In a news conference at the Japan National Press Club on Friday, Toyota Motor President Akio Toyoda said that the company plans to begin mass production of electric vehicles in the US in 2012, followed by US production of fuel cell vehicles in 2015. Toyoda positioned EVs for short-distance travel and fuel cell cars for longer ranges. The 2015 date for fuel cell vehicles reinforced remarks made in June by vice president Masatami Takimoto about commercialization prospects.(Earlier post.)

During his presentation at the recent California Air Resources Board (ARB) ZEV Technology Symposium, Tatsuaki Yokoyama, from Toyota Motor Engineering & Manufacturing North America, said that Toyota aimed to reduce the cost of fuel cell vehicles to 1/10 of the current level by design and materials improvement by commercialization in 2015. Following that milestone, the company is targeting reduction to a subsequent 1/10 through scales of economy resulting from increasing mass production.

Design of the fuel cell system and hydrogen storage system plays a critical role in achieving the cost reduction, Yokoyama said. Toyota is simplifying the design of its stack, resulting in downsizing and downweighting, and reducing the amount of platinum catalyst required. (For comparable efforts by General Motors, see earlier post.)

Toyota is also seeking to reduce the cost of fuel-cell system specific materials, through cooperation with materials manufacturers. The third major avenue of cost reduction is the application of mass production technology to the fuel cell stack, the tank, and other components.

As an example, Yokoyama used the carbon fiber reinforced polymer (CFRP) hydrogen storage tank. The hydrogen storage tank consists of a CFRP outer shell, with a liner for H2 sealing. Toyota is seeking to reduce CFRP by reducing the wall thickness, by optimizing the laminar structure among other efforts (design). It is also seeking to reduce the cost of CFRP by shifting from an aviation grade to a general-purpose grade (materials). The company is working to develop a low-cost CFRP for a high-pressure hydrogen tank.

Conditions for mass introduction. For mass introduction of fuel cell vehicles, Yokoyama said, Toyota sees that the profitability of every stakeholder—auto OEM, energy supplier, and customer—is essential. In other words, low-cost FC vehicles and a sufficient supply of low-priced hydrogen needs to be available.

Furthermore, he said, both fuel cell vehicles and the hydrogen infrastructure must prove durable and reliable in practical use, and proven in the real world.
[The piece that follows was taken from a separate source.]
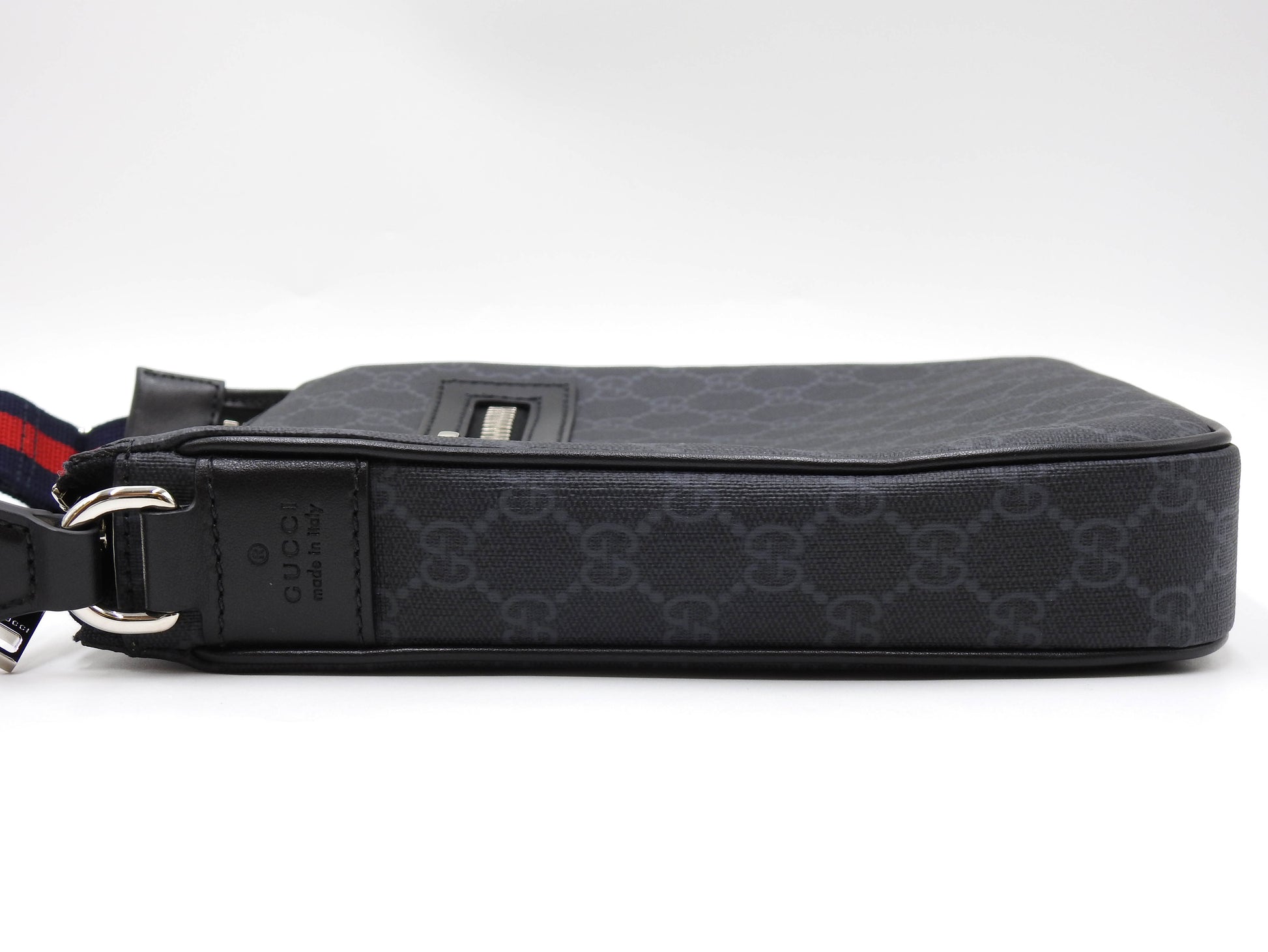 GUCCI GG Supreme Small Messenger Shoulder Bag PVC Leather Black 792082

He noted that it took seven years even for “successful” hybrid electric vehicles to reach annual sales of 100,000 units globally.

Why fuel-cell vehicles? Like the other major automakers, Toyota is positioning fuel cell vehicles as more suitable for longer-range, larger vehicle applications compared to EVs, given the state of battery technology.

This is not an either-or choice between hybrids and electric cars. We [Toyota] will develop a wide range of vehicles to meet the diverse needs of customers. Some will opt for electric cars for shorter distances; others will choose fuel-cell vehicles for longer drives.

—Akio Toyoda

Toyota-fcv2
Cover area of EVs, Plug-in Hybrids, and Fuel-Cell Vehicles. Source: Toyota. Click to enlarge.

Based on Toyota’s calculations, fuel cell vehicles begin to best Li-ion equipped EVs in terms of mass required to achieve a practical cruising range of 300 miles after slightly more than 100 miles. In other words, Toyota concludes that the EV is viable for intra-city travel, while the fuel cell (hybrid) vehicle is optimal for inter-city travel.

Toyota’s calculations also find that the well-to-wheel total efficiency of the fuel-cell hybrid vehicle, as measured in the Japanese 10-15 cycle, is 40%, given hydrogen produced from natural gas and on-board storage of 70 MPa.

Toyota-fcv3
According to Toyota’s calculations, the fuel cell hybrid has an advantage in well-to-wheel efficiency. Click to enlarge.

That compares to 33% for an EV (with gas-fired power generation producing the electricity); 34% for a Prius-like hybrid; and 19% for a conventional gasoline internal combustion engine. (The fuel cell vehicle efficiency difference between 35 MPa storage and 70 MPa storage is approximately 2%.)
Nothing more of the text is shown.